In today’s issue, I have a new trade for you to act on right away. But first, let’s recap recent trading activity and provide an update on the U.S. dollar.
First, you should be filled on our recommendation yesterday to buy United States Oil Fund, LP (USO) around $9.12.
Fantastic! We think the time’s right for a starter position in the oil market, positioning for more upside into late August just as our E-Wave cycle model forecasts.
U.S. dollar gets slammed …
Comments from European Central Bank Chief Mario Draghi lifted the Euro currency and weighed on the Dollar yesterday.
Draghi said that he’s looking through short-term factors that are clouding the inflation outlook – like the sharp decline in oil prices. His comments were viewed as laying the foundation for slowly removing the ECB’s ultra-loose monetary policy later this year.
While Draghi maintained a somewhat optimistic outlook for the Eurozone economy, he still argued for prudence in adjusting monetary policy.
Sounds like classic central bank double-speak to me … talking out of both sides of his mouth!
Still, there’s no denying the outsized market reaction, or perhaps OVER-reaction.
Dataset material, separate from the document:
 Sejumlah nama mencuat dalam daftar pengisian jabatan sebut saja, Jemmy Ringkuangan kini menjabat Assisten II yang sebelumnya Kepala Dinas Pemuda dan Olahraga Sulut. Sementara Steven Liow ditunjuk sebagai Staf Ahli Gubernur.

The euro surged nearly 1.5% yesterday, a huge move for currency markets, and the dollar slumped about 1%.
Fed talking heads …
Also later in the day, the market listened in on a few of the Fed’s talking heads, including the boss herself.
First up, Philadelphia Fed President Harker trimmed his inflation outlook, and labeled recent economic headwinds as transitory. But he also indicated that strength in the U.S. economy warranted removal of easy monetary policy, including another rate hike, and warranted starting the potentially perilous process of unwinding the Fed’s balance sheet later this year.
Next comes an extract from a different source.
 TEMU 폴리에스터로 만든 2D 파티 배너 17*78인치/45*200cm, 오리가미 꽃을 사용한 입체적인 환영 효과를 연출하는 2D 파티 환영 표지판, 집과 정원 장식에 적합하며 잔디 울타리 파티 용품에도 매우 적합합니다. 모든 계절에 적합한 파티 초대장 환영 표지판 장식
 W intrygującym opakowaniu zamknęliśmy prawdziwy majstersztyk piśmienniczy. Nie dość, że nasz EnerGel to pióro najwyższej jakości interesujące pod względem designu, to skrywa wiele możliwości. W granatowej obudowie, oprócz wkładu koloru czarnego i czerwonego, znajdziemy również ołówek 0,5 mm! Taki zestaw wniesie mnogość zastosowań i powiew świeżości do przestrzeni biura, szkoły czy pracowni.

Second, and as expected, Yellen stuck to the June FOMC meeting script almost verbatim, indicating that the U.S. economy was strong enough to handle more interest-rate hikes this year.
It’s too soon to say if yesterday’s move means an interruption in the dollar’s emerging uptrend, or is simply a knee-jerk over-reaction by markets, made more volatile by end-of-quarter window-dressing this week.
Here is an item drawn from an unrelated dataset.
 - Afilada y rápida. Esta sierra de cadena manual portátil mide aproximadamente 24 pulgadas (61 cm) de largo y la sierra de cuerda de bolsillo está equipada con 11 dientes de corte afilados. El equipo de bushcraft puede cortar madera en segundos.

We’ll wait and see how the dust settles before making any moves with on our PowerShares DB US Dollar Index Bullish Fund (UUP) call options. For now, continue to hold
New trade – Buy VelocityShares 3x Long Silver ETN.
The silver market is showing bullish price action from Monday’s spike low, with an advance above short-term resistance and positive momentum as it recovers from oversold levels.
While that’s constructive by itself, additional conviction for higher silver prices near term comes from our E-Wave cycle forecast flashing a bullish turn date buy signal this week. See chart below:
The above chart shows silver prices bottoming this week, that’s followed by a strong rally into early August.
We think it’s possible that this week’s spike low – into a new low for the June downdraft – and a subsequent drive higher is marking a tradable bottom and a new rally just ahead. And now’s the time to profit from it!
Here’s what to do right away:
Using 2.5% of the funds you have allocated to this service, buy VelocityShares 3x Long Silver ETN, symbol USLV, at $12.25 or better. This order is good-till-canceled.
Meanwhile, we’ll manage the stop on this position for you.